Here, however, there is considerable evidence that the arbitrator had more than a remote or occasional association with Gabriel & Shapiro, which has and continues to represent New Century in various no-fault proceedings.

There is no dispute that Mr. Rosenberger co-published an article in the New York Law Journal in 2013 with Jason A. Moroff, a partner at Gabriel & Shapiro, who apparently represented New Century at a AAA hearing as recently as May 28, 2014, the same day Mr. Rosenberger issued the Arbitration Award at issue in this proceeding.

There is also no dispute that the arbitrator’s law firm, Rapuzzi Palumbo & Rosenberger, shared space with Gabriel & Shapiro at 3361 Park Avenue in Wantagh, New York. Moreover, New Century does not refute Country-Wide’s representation that Rapuzzi Palumbo & Rosenberger is listed on the New York Division of Corporations Database under the “current entity name” of Gabriel [*4]& Shapiro, P.C.

Finally, there is no dispute that Gabriel & Shapiro’s current website is located at www.rprlawfirm.com, an address which appears to strongly suggest an affiliation or continuing connection with the law firm of Rapuzzi Palumbo & Rosenberger.
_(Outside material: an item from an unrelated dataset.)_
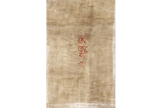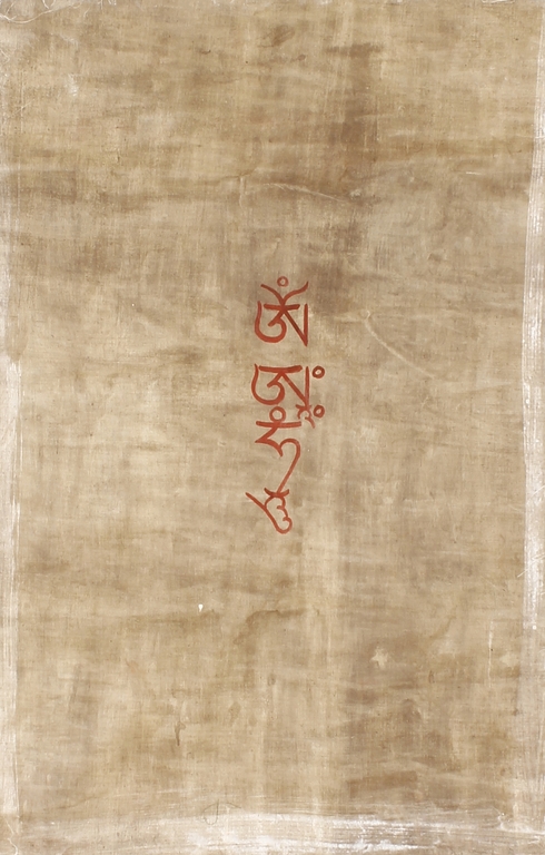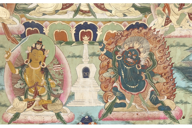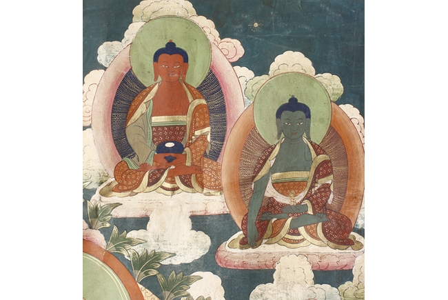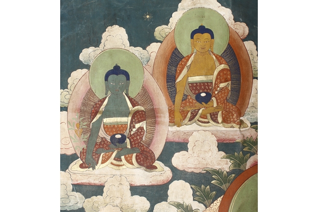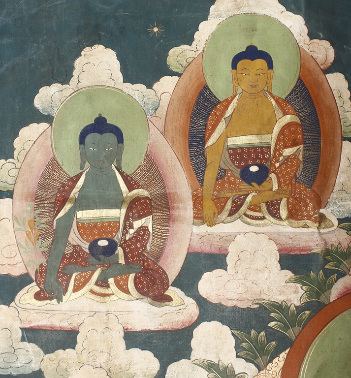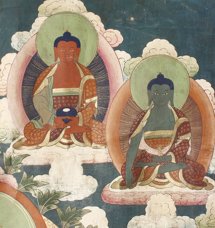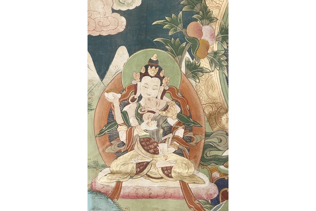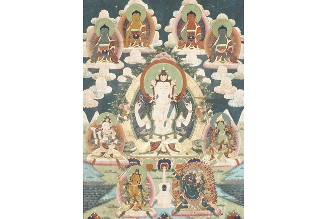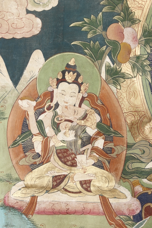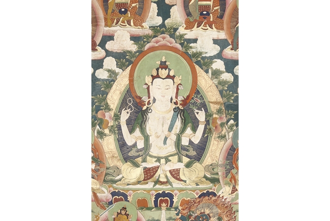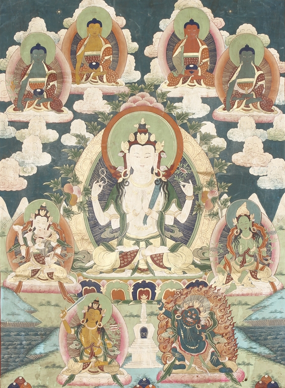 This thangka is painted on a cloth with depiction of the four-armed Shadakshari Lokeshvara as the central figure seated in dhyanasana, surrounded by deities and monks holding various objects seated before vibrant orange and pinkish mandorlas all upon green background. Qing Dynasty Period.

New Century contends that these factors merely show that Rapuzzi Palumbo & Rosenberger was “taken over” by Gabriel & Shapiro. However, New Century has failed to submit any documents clarifying the nature and circumstances of the alleged takeover or merger of the firms at issue. Moreover, New Century has failed to submit an affidavit from any attorney at Gabriel & Shapiro (which would presumably be amenable to assisting its client in this matter) attesting that Mr. Rosenberger has severed all financial and professional ties with that firm.
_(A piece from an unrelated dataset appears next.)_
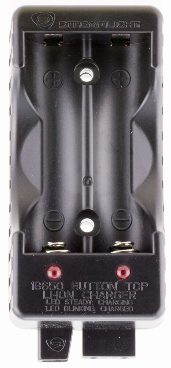 Streamlight Battery charger charges two 18650 li-ion batteries at a time. The charger features 2 charging bays, with a single bay priority to speed up the charge time.

Therefore, based on the papers submitted and after hearing oral argument, this Court finds that the failure of the arbitrator to disclose his connection to Gabriel & Shapiro and to provide Country-Wide with a timely opportunity to reasonably ask for his disqualification based on a potential bias, mandates vacatur of the Arbitration Award.

Accordingly, it is

ORDERED and ADJUDGED that the Petition is granted, and the Arbitration Award is vacated.

This constitutes the decision and order of this Court.
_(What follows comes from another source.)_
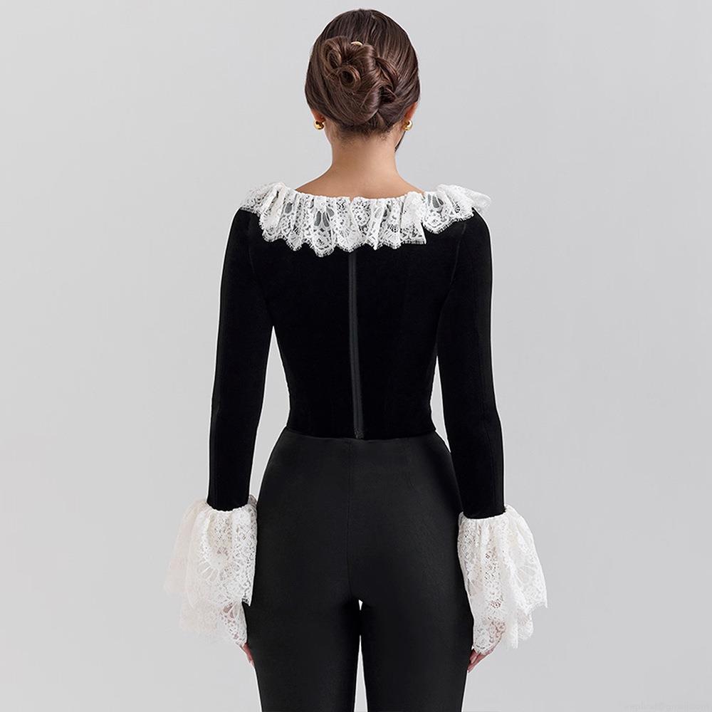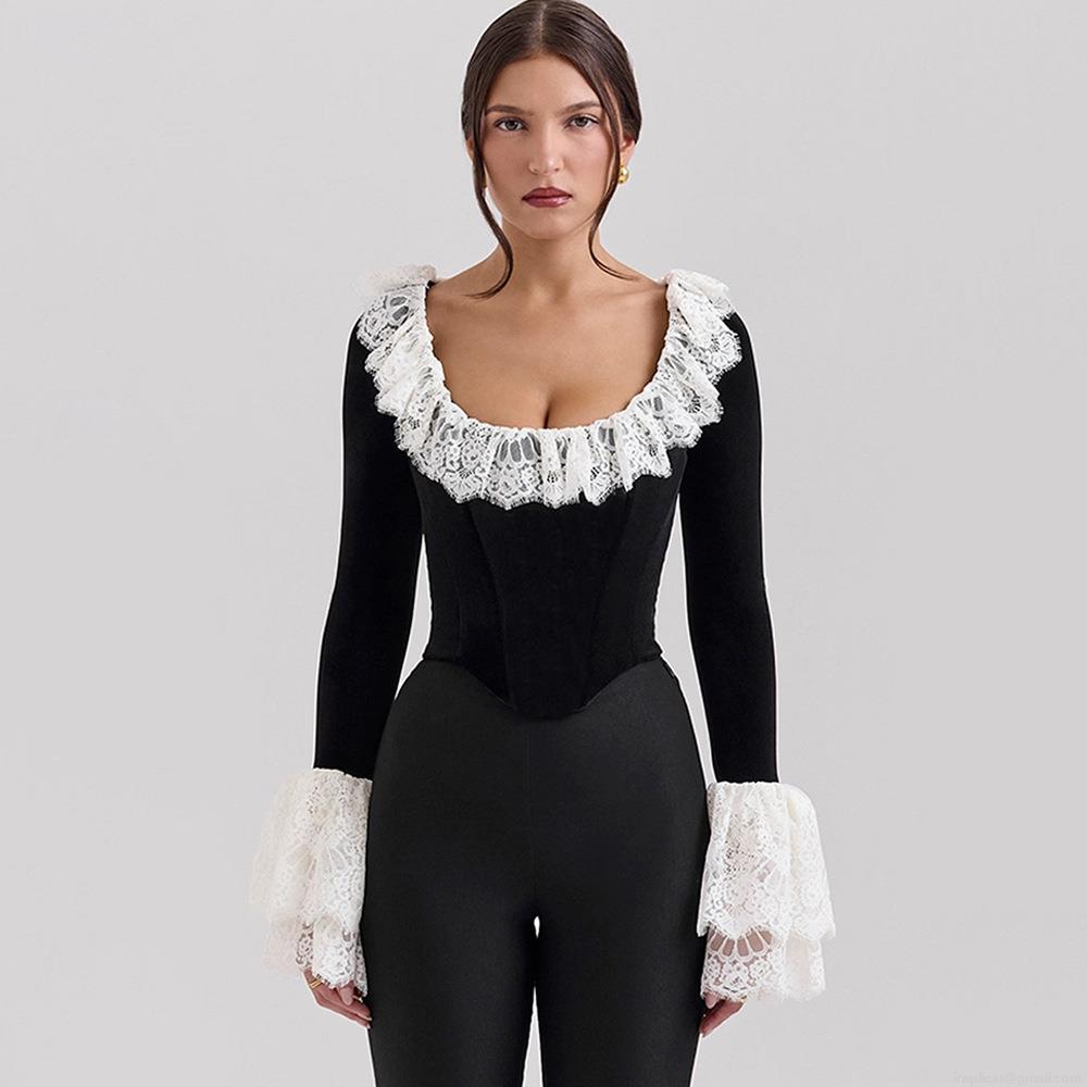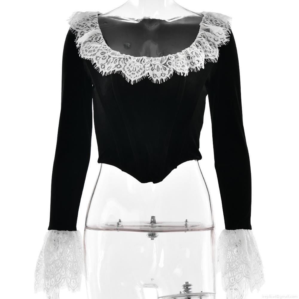 • Women's Vintage Velvet Patchwork Lace Flare Sleeve T-Shirt Sexy Gothic Boning Corset Top Streetwear Party Retro U-Neck Slim Long Sleeve Top

Dated: April 1, 2015____________________________

Hon. Michael L. Katz

J.C.C.

Footnotes

Footnote 1:Five of the parallel claims are the subject of nearly identical motions filed under Index Numbers 029968/14, 029971/14, 029972/14, 029973/14, and 029974/14.

Footnote 2:Mr. Anikeyev acknowledged on the record before the Hon. J. Paul Oetken, a Judge of the United States District Court, Southern District of New York, that he had “submitted bills through mail to various insurance companies for acupuncture services which [he] knew were false. Some of these mailings were to insurance companies located in Manhattan, New York. These bills requested payments for health care services for time periods in excess of the actual time period the patient spent with acupuncturist.” He further admitted that he committed these actions “with intent to obtain money from various insurance companies which was not rightfully [his].”

Footnote 3:The arbitrator considered factors discussed in Andrew Carothers, M.D., P.C. v Progressive Ins. Co., 42 Misc 3d 30 (App. Term, 2nd Dep’t 2013) in determining whether or not Mr. Anikeyev, who is not a licensed acupuncturist, had exercised substantial control over the professional corporation.

Footnote 4:There is no dispute that New Century was represented by the Tsirelman Law Firm (and not by Gabriel & Shapiro) in the arbitration at issue in this proceeding.

Footnote 5:Country-Wide does not dispute that it was aware that Gabriel & Shapiro represented New Century in various matters, including several cases involving Country-Wide’s current counsel. However, there is no evidence that either Country-Wide or its counsel was aware of any connection between the arbitrator and Gabriel & Shapiro.

Footnote 6:This Court rejects New Century’s argument that this Court must assume that it is a proven fact that Mr. Rosenberger had no conflict simply because AAA (which requires arbitrators to disclose their affiliations) scheduled the hearing.